EXERCISE DETAILS
Please output the listing exactly as it stands, but omit any images.

DATASET EXCERPT
[Start of Attachment]

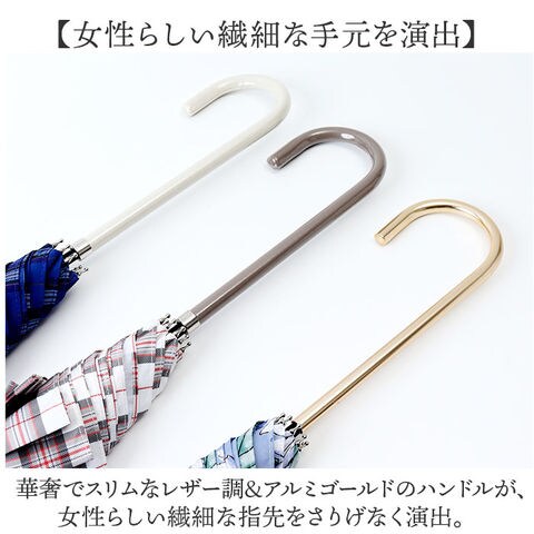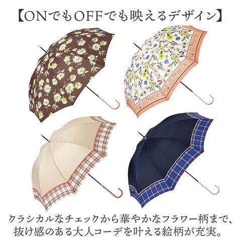 | 商品説明 | 【お洒落を楽しむ全ての女性を応援】地球に優しいテキスタイルが、お出掛けを素敵に彩る♪「because 晴雨兼用 ロングアンブレラ」【雨の日はもちろん日傘としても】傘生地に施されたはっ水加工によって紫外線を遮る効果が得られて、紫外線遮蔽率約80%を実現。※紫外線遮蔽率は、生地の色味によって多少異なりますので、ご了承ください。【ふわりと軽い差し心地】スリムな中棒と軽量で丈夫なスチールの傘骨を採用。スタイリッシュに持ち運べる親骨58cmタイプ。【スムーズな手開きタイプ】混雑した場所でも傘生地をスムーズかつ、安全に開くことのできる手開き式。【セーフガード機能付きで安心】傘の開閉時に指や爪を挟んで傷めないよう、ストッパー部分にはセーフガード機能付き。【たたむ時も手間取らない!】バンドはスムーズにたためるスナップボタン式。「b」のフローラルロゴのカシメがアクセント。【女性らしい繊細な手元を演出】華奢でスリムなレザー調&アルミゴールドのハンドルが、女性らしい繊細な指先をさりげなく演出。※傘生地の絵柄のシリーズにより、手元ハンドルの素材仕上げが異なります。【地球にやさしいテキスタイル】色鮮やかな傘生地は水の使用量や廃液の排出を抑えた染色方法でプリントし、環境負荷の軽減に配慮。【ONでもOFFでも映えるデザイン】クラシカルなチェックから華やかなフラワー柄まで、抜け感のある大人コーデを叶える絵柄が充実。 |
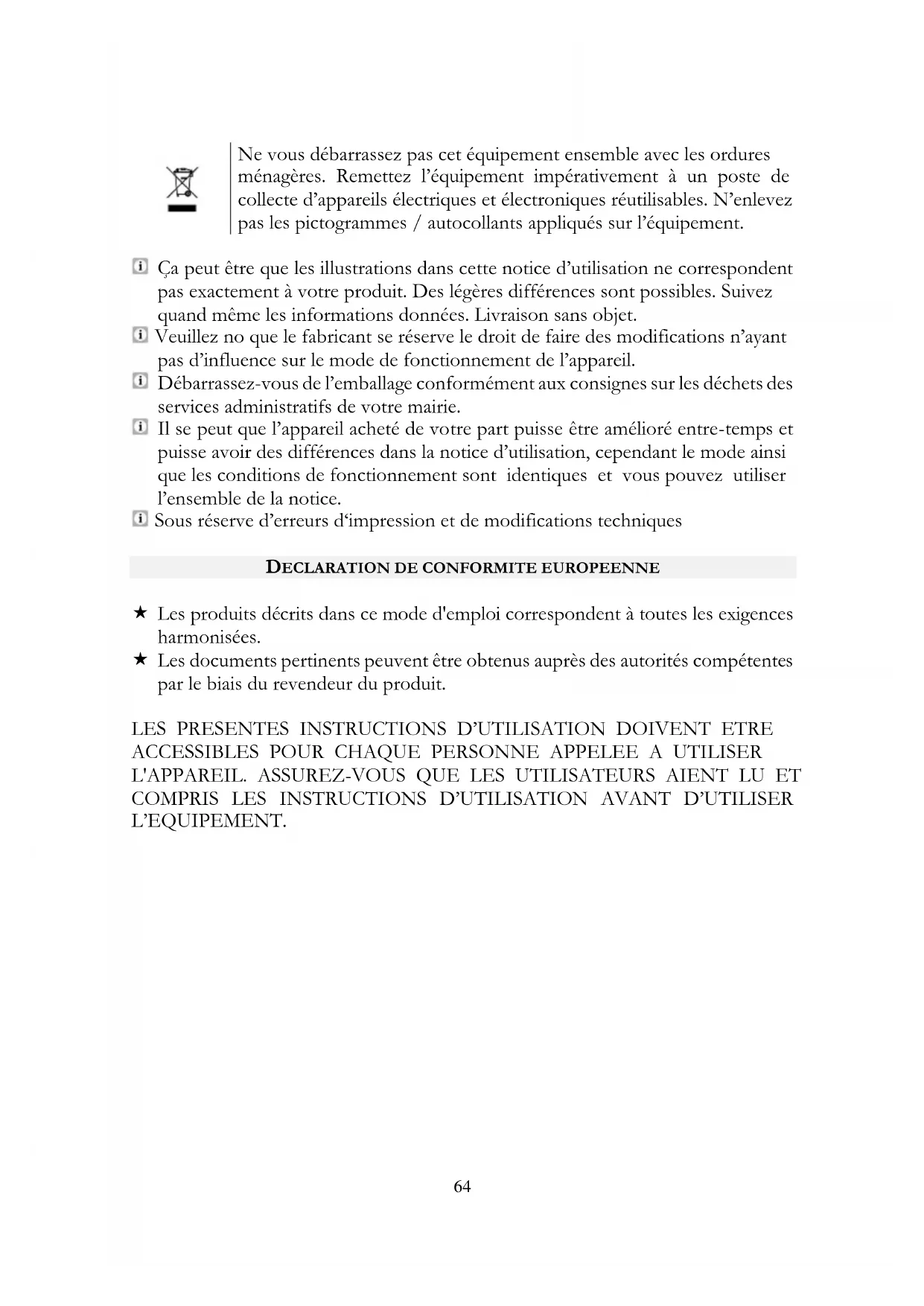 Les produits décrits dans ce mode d'emploi correspondent à toutes les exigences harmonisées. Les documents pertinents peuvent être obtenus auprès des autorités compétentes par le biais du revendeur du produit. LES PRESENTES INSTRUCTIONS D’UTILISATION DOIVENT ETRE ACCESSIBLES POUR CHAQUE PERSONNE APPELEE A UTILISER L'APPAREIL. ASSUREZ-VOUS QUE LES UTILISATEURS AIENT LU ET COMPRIS LES INSTRUCTIONS D’UTILISATION AVANT D’UTILISER L’EQUIPEMENT.65
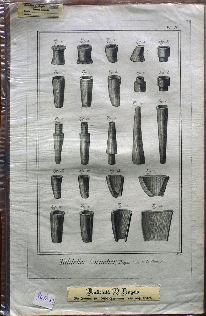 Sono rappresentati parti di corno; tra cui alcuni in sezione. Ogni figura è connotata da: “fig.” E’ presente numerazione della stampa: Pl.II.-111. Il bordo superiore, inferiore e destro sono colorati in rosso; la stampa è contenuta in una busta trasparente sigillata, classificata come:”Card 12″.

[End of Attachment]

TASK SOLUTION
 | 商品説明 | 【お洒落を楽しむ全ての女性を応援】地球に優しいテキスタイルが、お出掛けを素敵に彩る♪「because 晴雨兼用 ロングアンブレラ」【雨の日はもちろん日傘としても】傘生地に施されたはっ水加工によって紫外線を遮る効果が得られて、紫外線遮蔽率約80%を実現。※紫外線遮蔽率は、生地の色味によって多少異なりますので、ご了承ください。【ふわりと軽い差し心地】スリムな中棒と軽量で丈夫なスチールの傘骨を採用。スタイリッシュに持ち運べる親骨58cmタイプ。【スムーズな手開きタイプ】混雑した場所でも傘生地をスムーズかつ、安全に開くことのできる手開き式。【セーフガード機能付きで安心】傘の開閉時に指や爪を挟んで傷めないよう、ストッパー部分にはセーフガード機能付き。【たたむ時も手間取らない!】バンドはスムーズにたためるスナップボタン式。「b」のフローラルロゴのカシメがアクセント。【女性らしい繊細な手元を演出】華奢でスリムなレザー調&アルミゴールドのハンドルが、女性らしい繊細な指先をさりげなく演出。※傘生地の絵柄のシリーズにより、手元ハンドルの素材仕上げが異なります。【地球にやさしいテキスタイル】色鮮やかな傘生地は水の使用量や廃液の排出を抑えた染色方法でプリントし、環境負荷の軽減に配慮。【ONでもOFFでも映えるデザイン】クラシカルなチェックから華やかなフラワー柄まで、抜け感のある大人コーデを叶える絵柄が充実。 |
 Les produits décrits dans ce mode d'emploi correspondent à toutes les exigences harmonisées. Les documents pertinents peuvent être obtenus auprès des autorités compétentes par le biais du revendeur du produit. LES PRESENTES INSTRUCTIONS D’UTILISATION DOIVENT ETRE ACCESSIBLES POUR CHAQUE PERSONNE APPELEE A UTILISER L'APPAREIL. ASSUREZ-VOUS QUE LES UTILISATEURS AIENT LU ET COMPRIS LES INSTRUCTIONS D’UTILISATION AVANT D’UTILISER L’EQUIPEMENT.65
 Sono rappresentati parti di corno; tra cui alcuni in sezione. Ogni figura è connotata da: “fig.” E’ presente numerazione della stampa: Pl.II.-111. Il bordo superiore, inferiore e destro sono colorati in rosso; la stampa è contenuta in una busta trasparente sigillata, classificata come:”Card 12″.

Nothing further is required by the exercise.